Valora’s Response to LTN article: Take Two: Reactions to 'Da Silva Moore' Predictive Coding Order
What is missing there, and elsewhere, is a
discussion of
the specific weaknesses of the overall Predictive Coding
technique. Here
are just three drawbacks of the technique:
- PC tagging algorithms are not transparent. No one really knows why the PC engine "chose" the documents it did. Typically, the “choosing” algorithm is hidden and not disclosed. All we know is that somehow the document recognized is a lot like another tagged.
- PC has no checks or balances on the skill set, education, consistency or motivations of the seed set coder(s). The entire Predictive Coding approach assumes that the seed set coder(s) know what they are doing, and that they are correct, consistent and honest. Would you defend that position, particularly given that the “human being as gold standard" concept has been roundly deflated (see Blair & Maron, Grossman, TREC, etc.)?

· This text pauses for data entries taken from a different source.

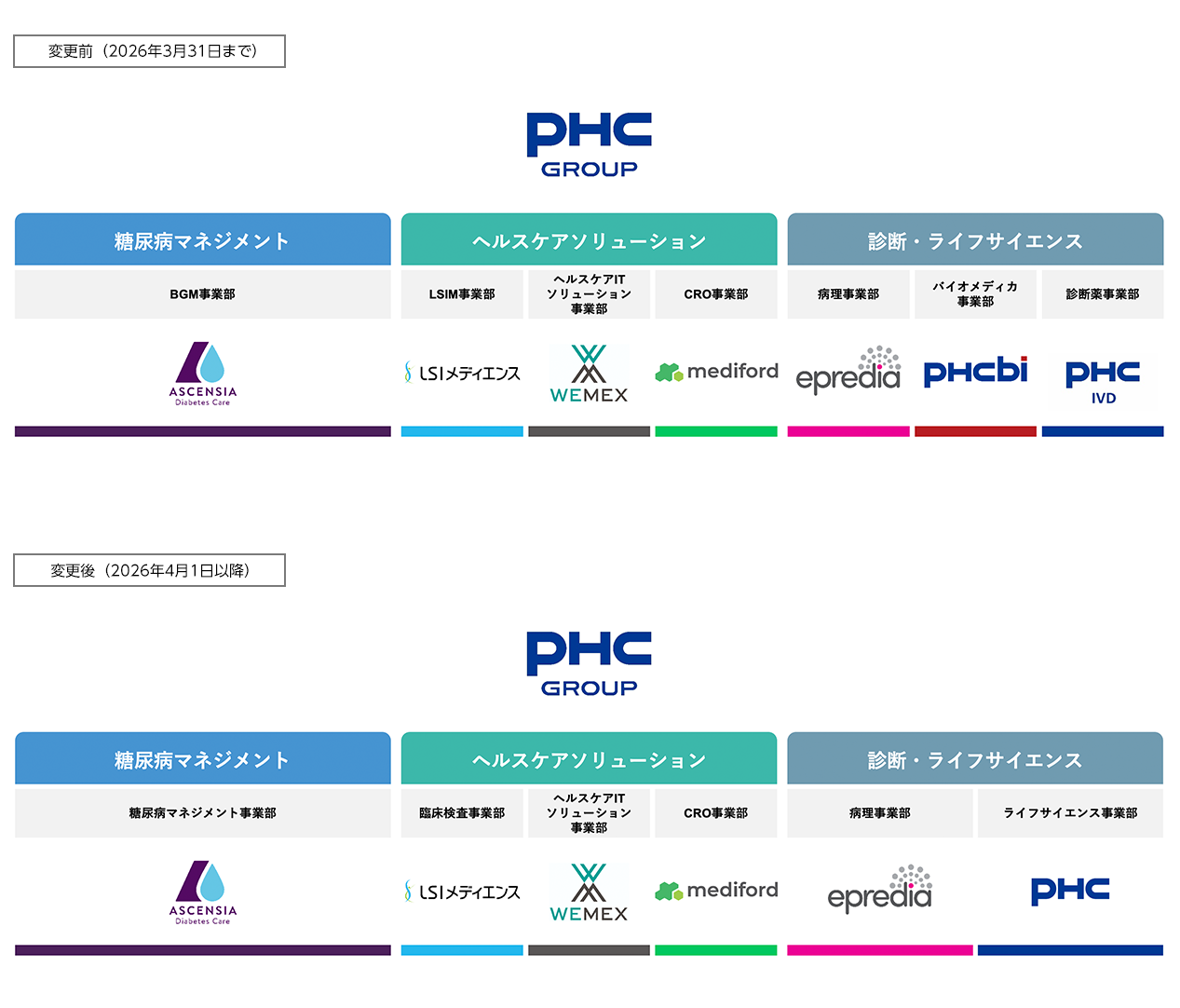 PHCグループは、2026年4月1日付で、一部の事業部の名称を以下の通り変更いたします。
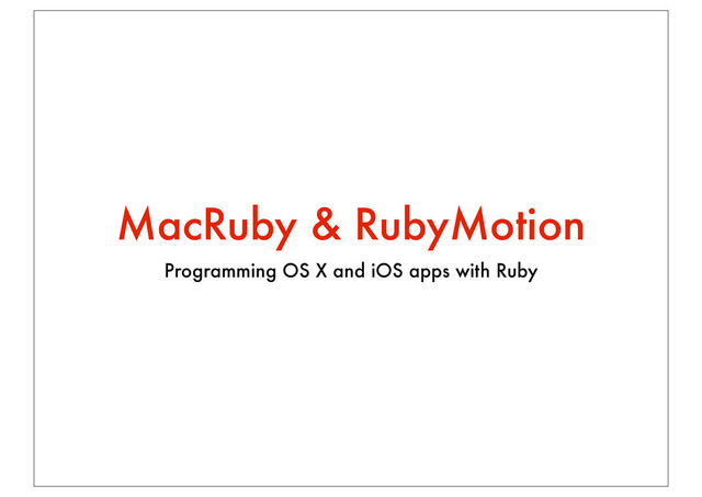 top of the Objective-C runtime and garbage collection (libauto) Based on Ruby 1.9 Uses LLVM and supports both ahead-of-time and just-in-time compilation Ships with OS X 10.7 Lion!!
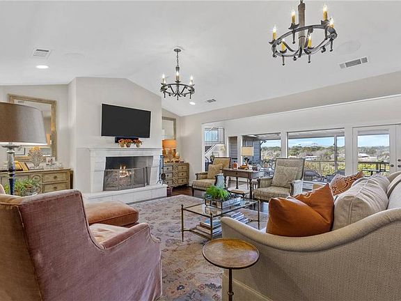 Luxury on Lake Travis! Beautifully remodeled home with all the fine finishes including antique pine wood & Travertine tile floors,quartzite kitchen counters w/antique brick backsplash,wolf appliances incld. steam oven & subzero refrig.,3 baths,2 living areas,two master suites, travertine fireplace,antique light fixtures, bonus work room or make into bedroom. Covered deck overlooks Lake Travis, RV garage with room for storage. Elegant landscape,easily maintained. Includes boat dock.

- Typically, seed set creation and audit sampling for PC use a random sampling technique, the weakest of all types.
Other sampling techniques
(stratified,
cluster, panel, etc.) are aware of document attributes and
utilize intelligent
groupings to create a much stronger, more representative sample
for seed set
coding and auditing purposes.
Since at present, all Predictive Coding
solutions are
products, which means they have limited functionality and
flexibility for
specific case matters, perhaps we should be thinking about the
broader picture of
Technology-Assisted Review (TAR) as a service – customizable,
measurable and
transparent.